The Bears have gone from having the worst coach in the NFL to, perhaps, the best.
That’s quite a swing, but so is their improvement from 14-32 under Matt Eberflus to 11-4 and streaking toward the playoffs in Ben Johnson’s debut season. The Bears can clinch their first NFC North title since 2018 on Sunday with a win at the 49ers.
Johnson and 49ers coach Kyle Shanahan both are strong Coach of the Year candidates, though the Patriots’ Mike Vrabel is the betting favorite and was the runaway winner in a recent NFL Network poll of team executives.
As impressive of a job as Shanahan, the Jaguars’ Liam Coen and others have done, it’ll come down to Johnson and Vrabel. Vrabel, by the way, was one of the first candidates to interview with the Bears after they fired Eberflus.
Coach of the Year is a somewhat misleading name for the award because it typically goes to a coach whose team pulled off a surprising turnaround. Bill Belichick, Andy Reid, Mike Tomlin and Sean Payton are all future Hall of Famers, for example, but won it just five times in 93 seasons.
The best evidence for how far Johnson and Vrabel have taken their teams is a look back to their midseason slap-fight at Soldier Field last season, coached by Eberflus and Jerod Mayo. The Patriots won 19-3, but neither team did anything particularly well, and it was a forgettable afternoon as the Bears plunged toward 5-12 and the Patriots toward 4-13.
Each is now seeded second in its conference and still fighting for the top spot.
With two games remaining, Johnson already has boosted the Bears’ win total from last season by six to 11-4 and Vrabel’s Patriots have enjoyed a league-best eight-win jump to 12-3.
Vrabel is the leader because he has far more name recognition and a heftier résumé than Johnson. Vrabel was a fixture of the Patriots’ dynasty as a player and had a successful run with the Titans, including winning Coach of the Year in 2021.
Johnson has been widely regarded as the next great offensive mind and got the endorsement from quarterback Caleb Williams as “best coach in the world,” but that doesn’t hold quite as much weight.
Nonetheless, Johnson deserves it.
As he waited for the right job to come open, he said he viewed the Bears as “a sleeping giant” that should’ve been much better than they were under Eberflus. He has proven himself right this season.
Johnson said at his introductory news conference in January that there were “a number of reasons why” the Bears underperformed, “which is why I’m here. I’ll get to the bottom of that, and we’ll see if we can get it corrected and cleaned up.”
There’s no doubt he has done that.
While the Bears made significant upgrades on their offensive line and drafted three offensive players in the first two rounds of the draft, most of their core on both sides of the ball is the same — especially Williams. Of the 22 players who would be starting if healthy, 15 were on the team last season.

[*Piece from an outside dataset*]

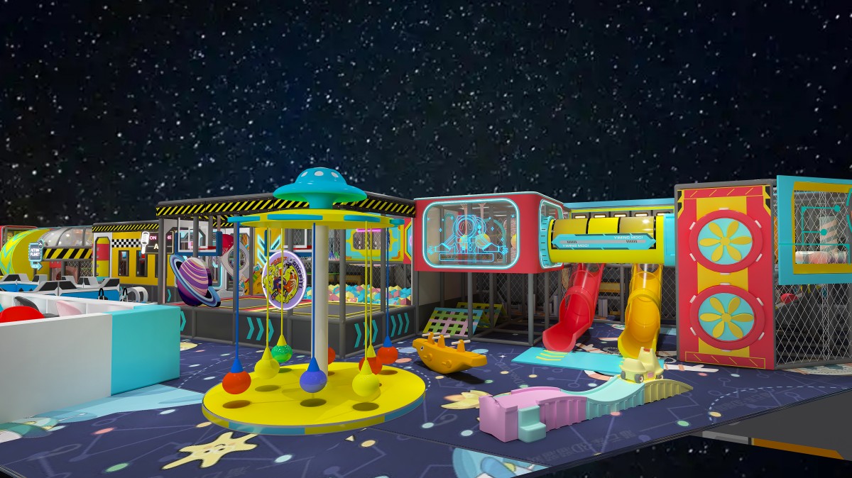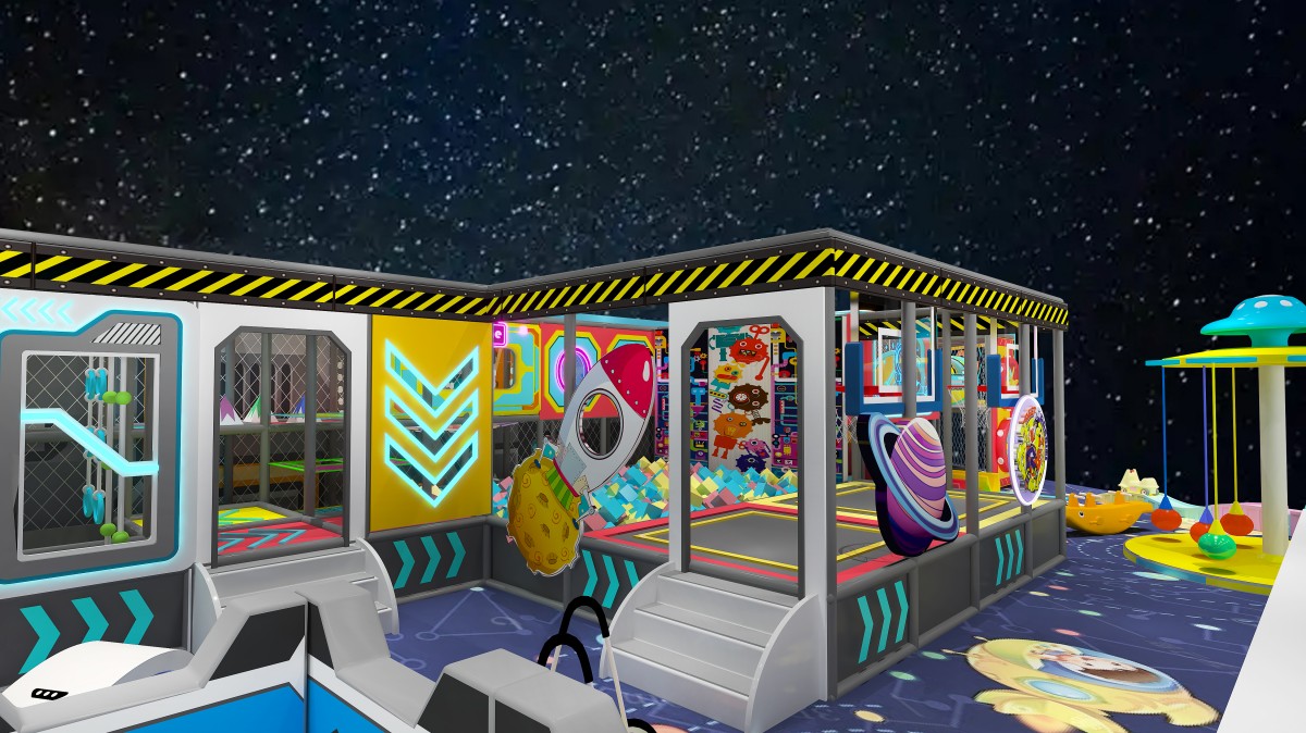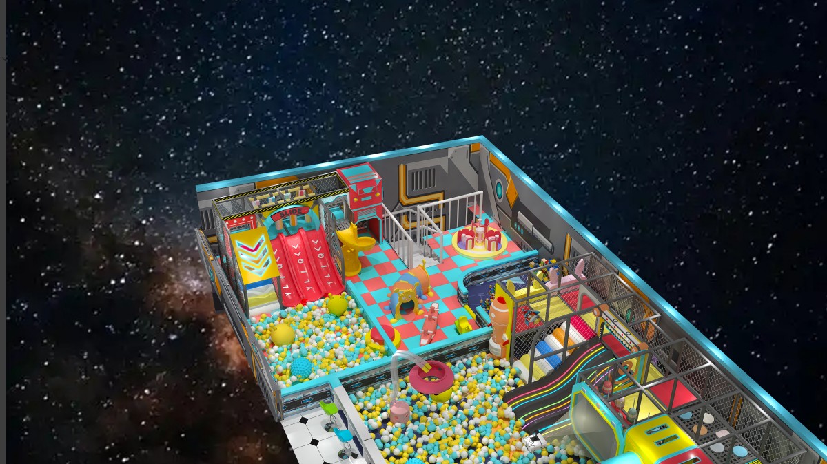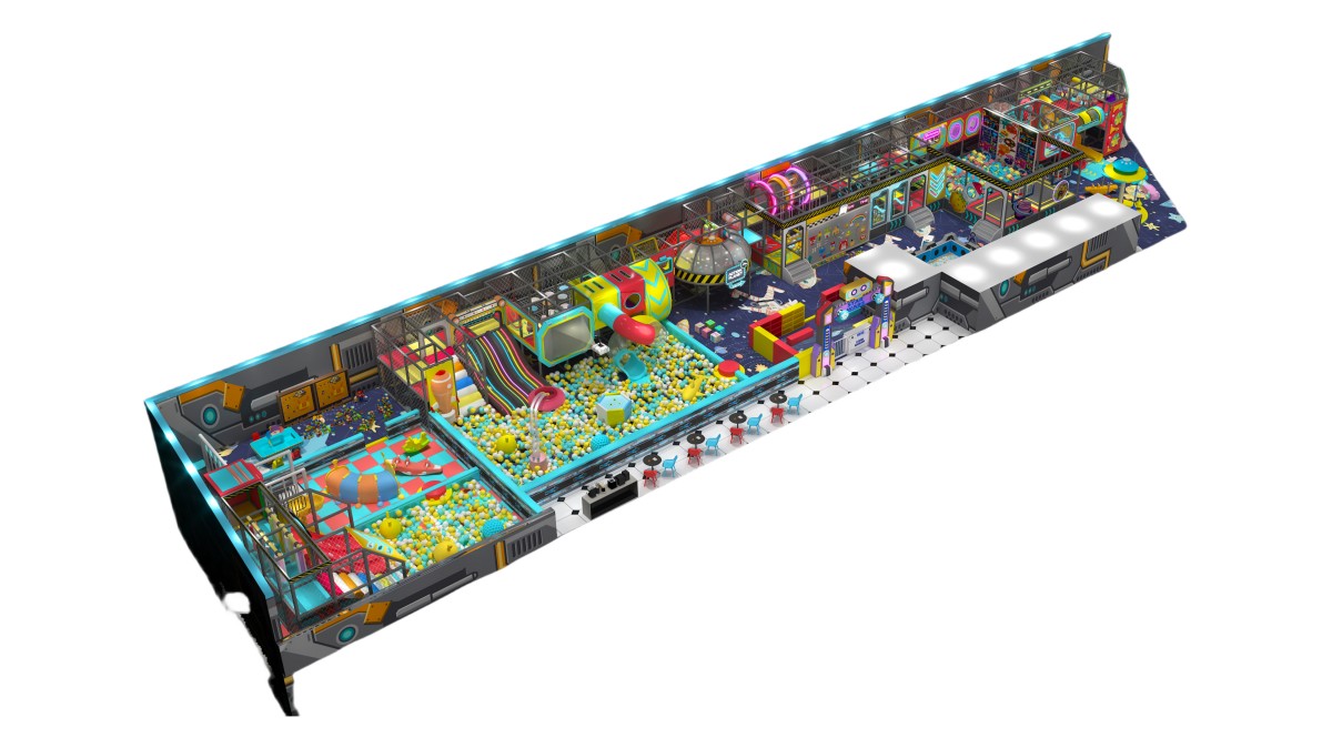 Themed around cosmic adventure, this indoor playground features a bright palette of yellow, sky blue and white accented with vibrant neon lighting for an immersive starry ambiance. The central ball pit, complete with a transparent UFO observation pod and multi-lane slides, serves as a visual centerpiece. Diverse zones—including a ninja challenge course, trampoline area, and toddler rockers—cater to children aged 2–12. A fully enclosed mesh structure guarantees safety, while the adjacent parental lounge offers unobstructed sightlines for constant supervision. Crafted from premium materials and precision-built, it ensures long-lasting durability and easy maintenance.

Johnson inherited a team that ranked 32nd in total offense before his arrival and vaulted it to No. 4. On defense, where he had no experience whatsoever but made a smart hire in coordinator Dennis Allen, the Bears have stepped from 27th to 24th despite injuries and appear to be improving as they approach the playoffs.
Vrabel has been impressive in both areas as well, and his offensive coordinator Josh McDaniels has second-year quarterback Drake Maye playing at an MVP level.
But Johnson also took on a team that played in the league’s toughest division — all four teams are .500 or better — and had been overwhelmed by it. The Bears hadn’t won a meaningful game against the Packers since 2018, and in Johnson’s first season he leveled out the rivalry.
There are no freebies in the North, unlike the AFC East, where the Patriots have four games against the Jets and Dolphins.
Johnson said going into the season he anticipated making “plenty of mistakes” as a first-time head coach, but it’s hard to think of them other than his repeated criticism of his own play calls. He has coached well, managed his staff well, motivated players, aced in-game decisions and handled the public-facing part of the job confidently.
It’s as though everything that was wrong with the Bears and exasperated their fans for years was instantly fixed with one hire. That’s how you win Coach of the Year.
More important than winning an award, though, is whether the Bears have found their long-term answer. They’ve craved the stability the Steelers have had with Tomlin, but fumbled hire after hire.
There have been several times they thought they finally nailed it, and, in fact, they’ve been exactly here before. As a first-time head coach in 2018, Matt Nagy steered them to a seven-win improvement at 12-4 and a rare North championship.
That fizzled faster than you can say “double doink,” however, and all his flaws were exposed while going 22-27 the rest of his tenure.
It turned out he wasn’t the magic behind Patrick Mahomes and couldn’t turn Mitch Trubisky into a star. His staff was anything but cohesive. He stumbled into nonsensical explanations at the microphone.
It’s a cautionary tale and a reminder that Johnson has tons left to prove. The playoffs will reveal quite a bit about his capability. But so far, every indication is that he was more than ready for this job and is highly unlikely to unravel the way his predecessors did.